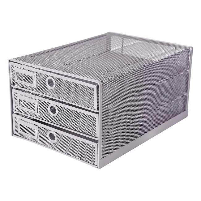 Organizzatore Scrivania Exerz 3 Cassetti Rete Metallica Argento
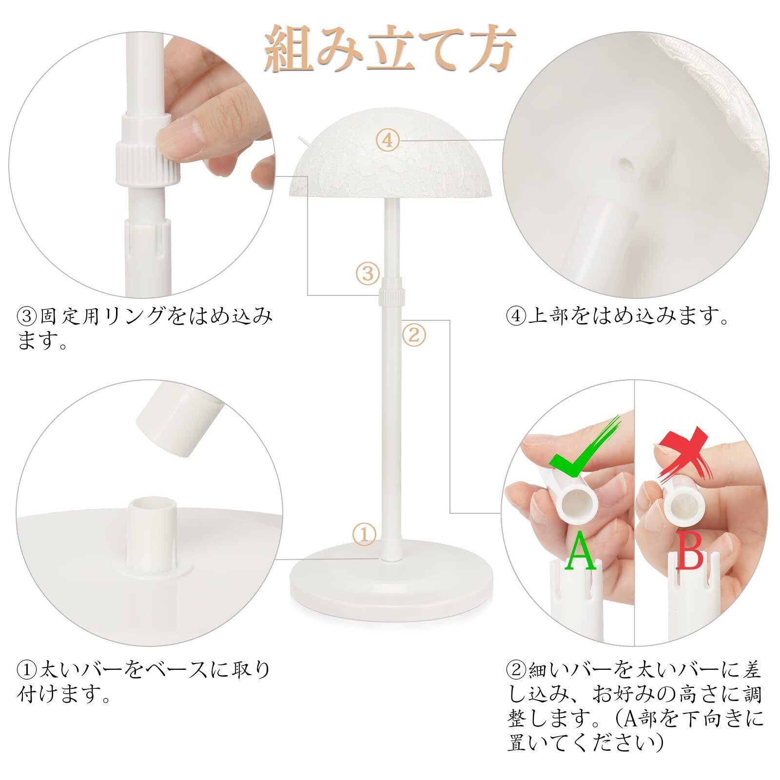 [Peacoco ウィッグスタンド 帽子スタンド 組み立て式 高さ調節可能 30-48cm 組立簡単 分解簡単 ウィッグ保管 ディスプレイ お手入れ ウィッグホルダー ウィッグ立て (アップグレード - ピンク)]
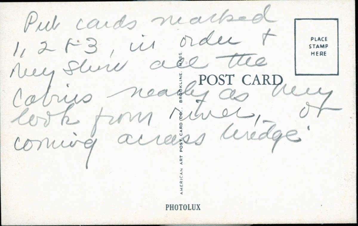 - Postcard view of a row of vacation cabins along a river. This item was enclosed in a letter from Larry Davis to Lemuel Stump.
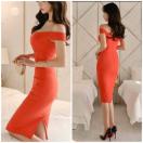 韓国赤レッドオフショルダータイトドレスワンピースストレート
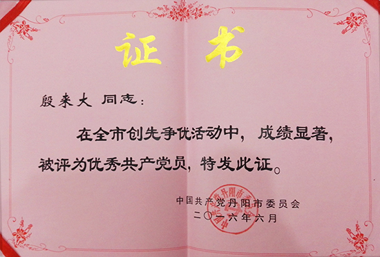 優(yōu)秀共產(chǎn)黨員證書
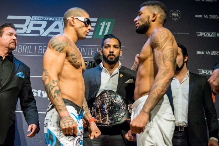 O Brave 11 teve sua pesagem cerimonial realizada nesta quinta-feira no Hotel Ouro Minas, em Belo Horizonte, cidade que também receberá a terceira edição brasileira do maior evento de MMA do Oriente Médio. Na luta principal, os brazucas Luan “Miau” Santiago e Lucas “Mineiro” Martins, que se enfrentarão pelo cinturão interino do peso leve da organização, fizeram uma encarada respeitosa.
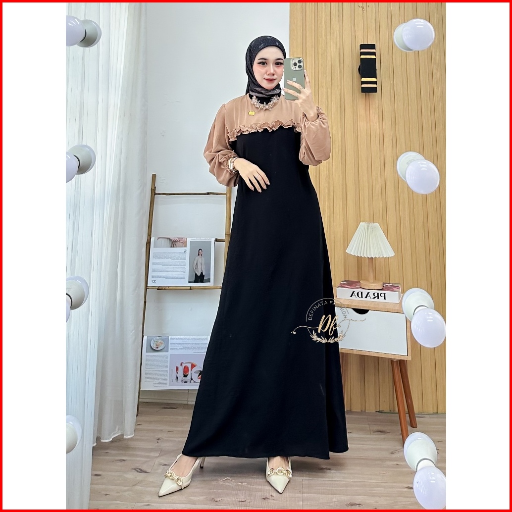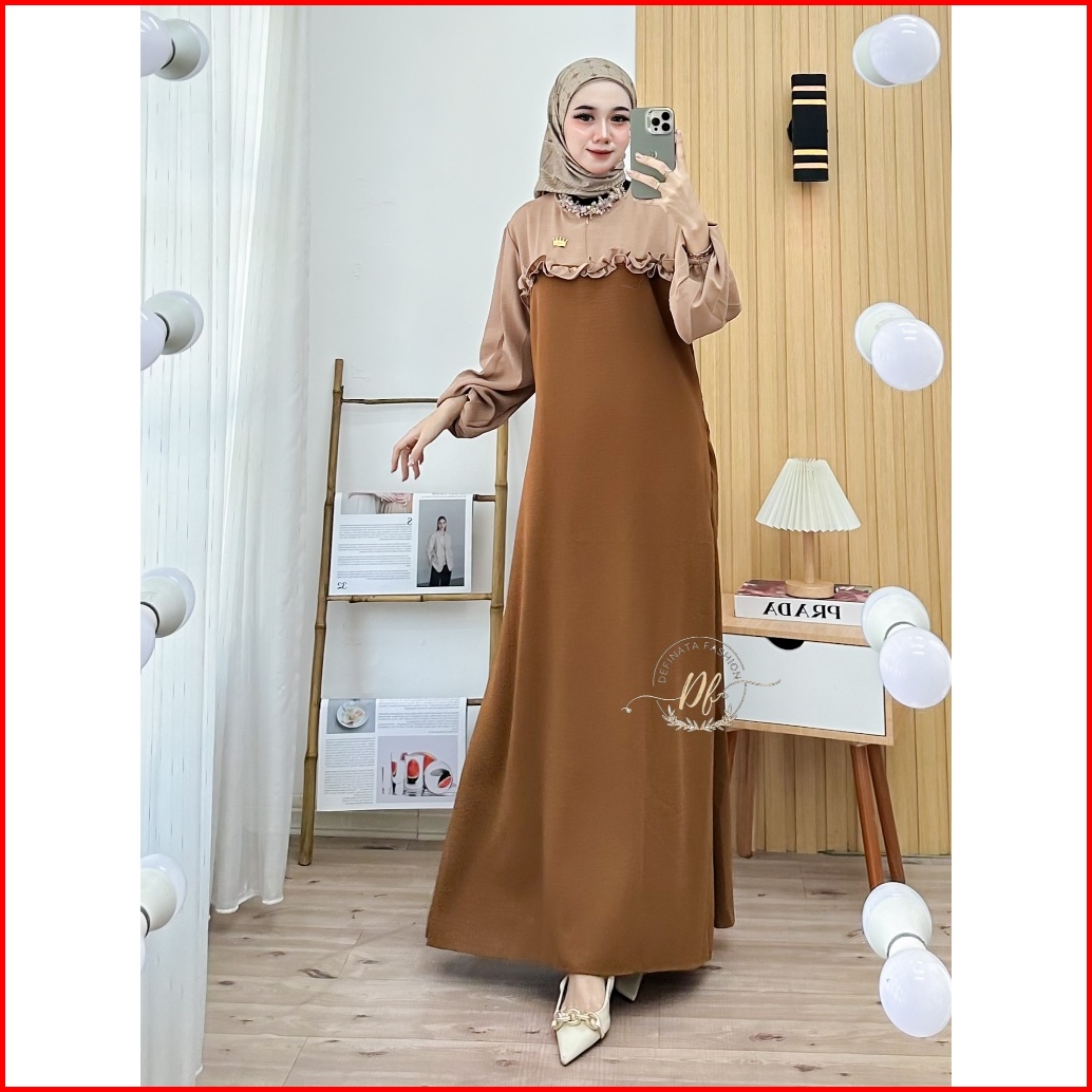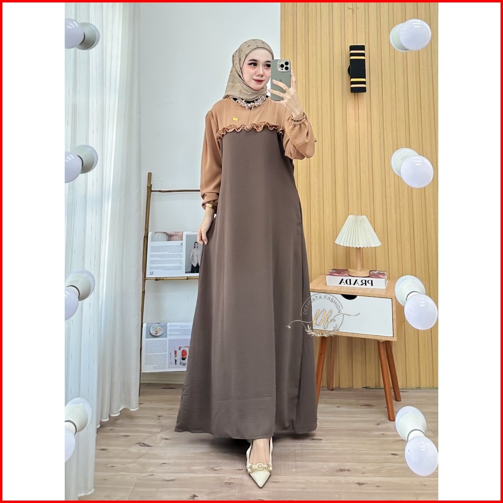 Free Hijab Voal Malaya Dress Set Hijab Crinkle Airflow Premium Lengan Karet Free Pin Bross

## WHAT THE EXERCISE ASKS
Once the pictures are removed, repeat all of the data above exactly.

## RESPONSE TO THE EXERCISE
 Organizzatore Scrivania Exerz 3 Cassetti Rete Metallica Argento
 [Peacoco ウィッグスタンド 帽子スタンド 組み立て式 高さ調節可能 30-48cm 組立簡単 分解簡単 ウィッグ保管 ディスプレイ お手入れ ウィッグホルダー ウィッグ立て (アップグレード - ピンク)]
 - Postcard view of a row of vacation cabins along a river. This item was enclosed in a letter from Larry Davis to Lemuel Stump.
 韓国赤レッドオフショルダータイトドレスワンピースストレート
 優(yōu)秀共產(chǎn)黨員證書
 O Brave 11 teve sua pesagem cerimonial realizada nesta quinta-feira no Hotel Ouro Minas, em Belo Horizonte, cidade que também receberá a terceira edição brasileira do maior evento de MMA do Oriente Médio. Na luta principal, os brazucas Luan “Miau” Santiago e Lucas “Mineiro” Martins, que se enfrentarão pelo cinturão interino do peso leve da organização, fizeram uma encarada respeitosa.
 Free Hijab Voal Malaya Dress Set Hijab Crinkle Airflow Premium Lengan Karet Free Pin Bross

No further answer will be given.